Ranch Roasted Chicken with Creamy Pesto
Ranch Roasted Chicken with Creamy Pesto is a gluten free main course. This recipe serves 8. One serving contains 1200 calories, 88g of protein, and 88g of fat. This recipe covers 35% of your daily requirements of vitamins and minerals. If you have ranch dressing mix, pesto, mayonnaise, and a few other ingredients on hand, you can make it. To use up the low fat plain yogurt you could follow this main course with the Yogurt Molasses Cookies as a dessert. From preparation to the plate, this recipe takes around 45 minutes.
Instructions
Place a rack in center of oven. Preheat oven to 425F. Coat a shallow roasting pan with cooking spray.

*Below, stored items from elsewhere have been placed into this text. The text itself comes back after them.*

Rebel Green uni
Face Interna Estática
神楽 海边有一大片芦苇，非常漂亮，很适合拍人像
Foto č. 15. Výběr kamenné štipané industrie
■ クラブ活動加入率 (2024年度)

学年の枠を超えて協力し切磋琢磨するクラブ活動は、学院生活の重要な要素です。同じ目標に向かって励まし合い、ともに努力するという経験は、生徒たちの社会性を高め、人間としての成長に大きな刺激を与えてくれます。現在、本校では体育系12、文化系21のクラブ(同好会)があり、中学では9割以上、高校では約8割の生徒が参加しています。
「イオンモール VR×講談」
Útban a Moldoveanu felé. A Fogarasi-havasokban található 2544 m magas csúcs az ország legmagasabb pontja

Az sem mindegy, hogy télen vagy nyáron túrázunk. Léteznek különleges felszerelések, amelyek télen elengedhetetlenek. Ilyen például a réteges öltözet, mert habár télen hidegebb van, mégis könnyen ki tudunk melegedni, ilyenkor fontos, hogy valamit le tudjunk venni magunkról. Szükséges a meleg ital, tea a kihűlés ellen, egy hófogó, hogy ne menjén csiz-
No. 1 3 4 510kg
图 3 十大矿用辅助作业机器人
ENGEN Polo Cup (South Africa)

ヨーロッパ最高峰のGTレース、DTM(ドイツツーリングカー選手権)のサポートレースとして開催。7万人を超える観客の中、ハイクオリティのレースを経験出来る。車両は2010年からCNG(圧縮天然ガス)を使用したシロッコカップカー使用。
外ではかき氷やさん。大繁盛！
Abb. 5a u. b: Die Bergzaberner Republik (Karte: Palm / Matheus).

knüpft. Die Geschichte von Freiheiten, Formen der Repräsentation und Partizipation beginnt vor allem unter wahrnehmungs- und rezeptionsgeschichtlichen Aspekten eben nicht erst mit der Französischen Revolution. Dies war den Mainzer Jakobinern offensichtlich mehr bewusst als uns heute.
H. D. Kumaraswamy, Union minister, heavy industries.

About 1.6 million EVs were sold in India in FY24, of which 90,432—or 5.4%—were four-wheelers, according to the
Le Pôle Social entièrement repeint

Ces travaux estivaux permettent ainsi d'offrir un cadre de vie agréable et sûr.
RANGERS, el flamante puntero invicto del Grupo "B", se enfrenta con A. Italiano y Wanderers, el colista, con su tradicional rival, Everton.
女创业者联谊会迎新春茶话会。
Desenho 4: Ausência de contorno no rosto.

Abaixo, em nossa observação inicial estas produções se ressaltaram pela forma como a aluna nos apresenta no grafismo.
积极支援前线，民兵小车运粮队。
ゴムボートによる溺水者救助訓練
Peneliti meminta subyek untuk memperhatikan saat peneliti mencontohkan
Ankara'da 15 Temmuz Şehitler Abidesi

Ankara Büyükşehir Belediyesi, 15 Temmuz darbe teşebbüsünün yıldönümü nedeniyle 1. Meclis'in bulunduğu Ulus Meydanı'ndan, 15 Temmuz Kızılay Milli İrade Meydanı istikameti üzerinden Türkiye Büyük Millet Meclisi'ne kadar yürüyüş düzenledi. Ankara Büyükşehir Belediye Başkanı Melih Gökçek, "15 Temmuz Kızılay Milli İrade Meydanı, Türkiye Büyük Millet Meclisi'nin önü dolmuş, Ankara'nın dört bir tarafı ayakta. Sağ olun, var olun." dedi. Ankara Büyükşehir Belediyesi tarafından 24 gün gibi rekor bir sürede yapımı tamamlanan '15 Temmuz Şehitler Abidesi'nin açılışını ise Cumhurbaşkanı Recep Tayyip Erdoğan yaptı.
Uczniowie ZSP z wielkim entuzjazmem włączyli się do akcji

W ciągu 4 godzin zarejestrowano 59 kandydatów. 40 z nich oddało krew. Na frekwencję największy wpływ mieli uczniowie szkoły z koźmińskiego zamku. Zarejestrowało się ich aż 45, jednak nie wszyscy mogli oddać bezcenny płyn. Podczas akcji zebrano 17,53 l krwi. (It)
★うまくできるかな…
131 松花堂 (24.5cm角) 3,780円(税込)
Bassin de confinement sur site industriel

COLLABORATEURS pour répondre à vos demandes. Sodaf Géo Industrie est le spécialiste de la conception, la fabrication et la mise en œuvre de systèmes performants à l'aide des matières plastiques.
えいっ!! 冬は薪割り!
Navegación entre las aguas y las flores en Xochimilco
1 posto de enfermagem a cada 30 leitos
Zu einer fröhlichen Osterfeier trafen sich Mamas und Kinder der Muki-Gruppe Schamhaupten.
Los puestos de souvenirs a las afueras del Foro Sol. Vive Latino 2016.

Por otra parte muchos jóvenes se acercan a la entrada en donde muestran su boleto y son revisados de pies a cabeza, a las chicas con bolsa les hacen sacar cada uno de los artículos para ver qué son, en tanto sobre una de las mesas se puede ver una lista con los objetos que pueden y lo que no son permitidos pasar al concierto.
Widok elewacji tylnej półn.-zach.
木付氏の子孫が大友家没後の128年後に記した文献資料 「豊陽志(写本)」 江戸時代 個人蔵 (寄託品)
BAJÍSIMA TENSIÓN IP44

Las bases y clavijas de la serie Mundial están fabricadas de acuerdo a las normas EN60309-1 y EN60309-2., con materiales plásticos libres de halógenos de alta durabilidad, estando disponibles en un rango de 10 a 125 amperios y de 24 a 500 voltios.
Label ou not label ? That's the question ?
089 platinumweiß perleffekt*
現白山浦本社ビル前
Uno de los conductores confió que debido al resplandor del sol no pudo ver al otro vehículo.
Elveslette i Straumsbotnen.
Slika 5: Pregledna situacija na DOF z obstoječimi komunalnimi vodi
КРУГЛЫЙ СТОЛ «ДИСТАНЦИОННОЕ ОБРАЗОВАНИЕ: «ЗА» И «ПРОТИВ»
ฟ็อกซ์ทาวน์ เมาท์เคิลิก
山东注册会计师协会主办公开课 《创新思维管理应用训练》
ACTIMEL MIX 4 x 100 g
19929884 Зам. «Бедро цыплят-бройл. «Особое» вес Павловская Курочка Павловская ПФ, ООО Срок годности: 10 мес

Remove skin and excess fat from chicken; pat dry with a paper towel. Arrange in roasting pan.
In a bowl, combine yogurt, dressing mix and pepper.
Pour mixture over chicken; mix to coat. Refrigerate for 20 minutes. Before baking, sprinkle chicken with pecans. Roast for 15 minutes. Reduce heat to 350F and roast until a thermometer inserted into thickest part of meat but not touching bone reads 170F, 35 to 40 minutes more.
Mix pesto, lemon juice, mayonnaise and sour cream in a bowl. To serve, spoon 2 Tbsp. sauce on each plate and top with a chicken quarter.